Since Athena charges based on the amount of data scanned, efficient table design and query patterns are essential. Some tips:

  1. Use date-based filtering in your WHERE clause
  2. Avoid SELECT * queries
  3. Only include necessary columns in your queries
  4. Consider using Athena workgroups with query result reuse enabled

By following these practices, we can efficiently analyze our blog traffic while keeping costs under control.

Analyzing Blog Traffic

With our infrastructure in place, we can now analyze blog traffic patterns.

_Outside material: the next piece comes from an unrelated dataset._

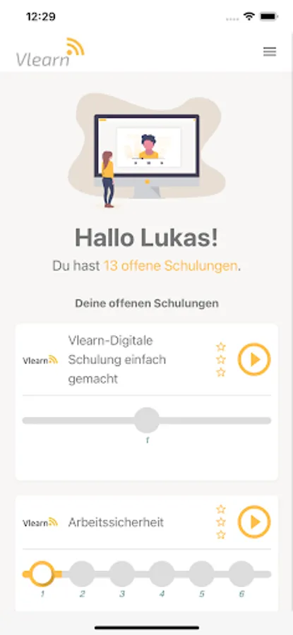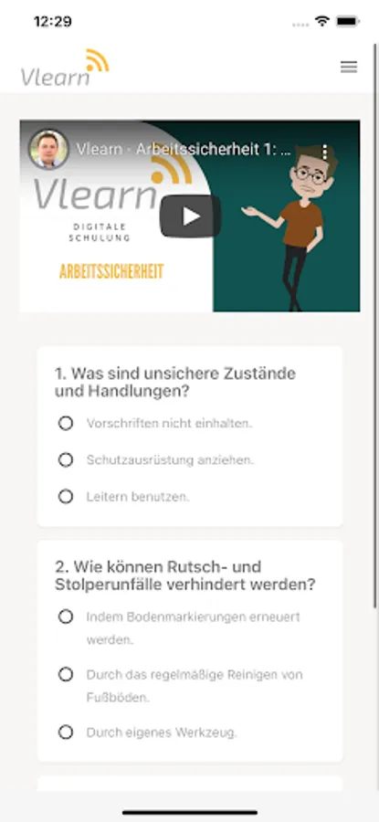 With Vlearn, your employees and guests can start immediately with digital video training. The Vlearn app contains all relevant training topics and languages with subtitles - according to a uniform standard. Immediately after the video there is an interactive query of the training success with documentation for the next audit.

Here are some useful queries we've implemented:

This query shows the most visited blog posts, excluding asset requests:

SELECT
    uri,
    COUNT(*) as views,
    COUNT(DISTINCT request_ip) as unique_visitors,
    AVG(time_taken) as avg_time_taken
FROM cloudfront_logs
WHERE date >= CURRENT_DATE - INTERVAL '7' DAY
    AND uri LIKE '/blog/%'
    AND uri NOT LIKE '%.txt'
    AND uri NOT LIKE '%._next/%'
    AND uri NOT LIKE '%.png'
    AND uri NOT LIKE '%.jpg'
    AND uri NOT LIKE '%.ico'
    AND uri NOT LIKE '%.js'
    AND uri NOT LIKE '%.css'
    AND uri NOT LIKE '%.woff2'
    AND uri NOT LIKE '%.json'
    AND uri NOT LIKE '%.xml'
GROUP BY uri
HAVING COUNT(*) > 1
ORDER BY views DESC;

This query:

  1. Filters for blog post URLs
  2. Excludes asset requests (images, stylesheets, etc.)
  3. Counts total views and unique visitors
  4. Calculates average load time

Traffic Patterns by Hour

To understand when our blog receives the most traffic:

SELECT
    HOUR(PARSE_DATETIME(time, 'HH:mm:ss')) as hour_utc,
    COUNT(*) as requests,
    AVG(time_taken) as avg_response_time
FROM cloudfront_logs
WHERE date >= CURRENT_DATE - INTERVAL '7' DAY
GROUP BY HOUR(PARSE_DATETIME(time, 'HH:mm:ss'))
ORDER BY hour_utc;

Saving Common Queries

We store these queries in Athena for easy reuse:

const queries = [
  {
    name: `Top Pages - ${props.environment}`,
    description: `Shows most visited pages excluding assets for ${props.environment}`,
    query: `...`,
  },
  {
    name: `Traffic by Hour - ${props.environment}`,
    description: `Shows traffic patterns by hour for ${props.environment}`,
    query: `...`,
  },
  // Additional queries...
];
 
queries.forEach((queryDef, index) => {
  new CfnNamedQuery(this, `SavedQuery${index}`, {
    database: database.ref,
    description: queryDef.description,
    name: queryDef.name,
    queryString: queryDef.query,
    workGroup: workgroup.name,
  });
});

Cost Considerations

Remember that Athena charges based on the amount of data scanned. To optimize costs:

  1. Use date filters to limit the time range
  2. Exclude unnecessary file types and paths
  3. Use appropriate WHERE clauses to scan only relevant data

Conclusion

By combining CloudFront logs with Athena, we've created a powerful analytics system for understanding our blog's traffic patterns. This setup allows us to:

  • Track popular content
  • Understand user behavior
  • Monitor performance
  • Make data-driven decisions about content strategy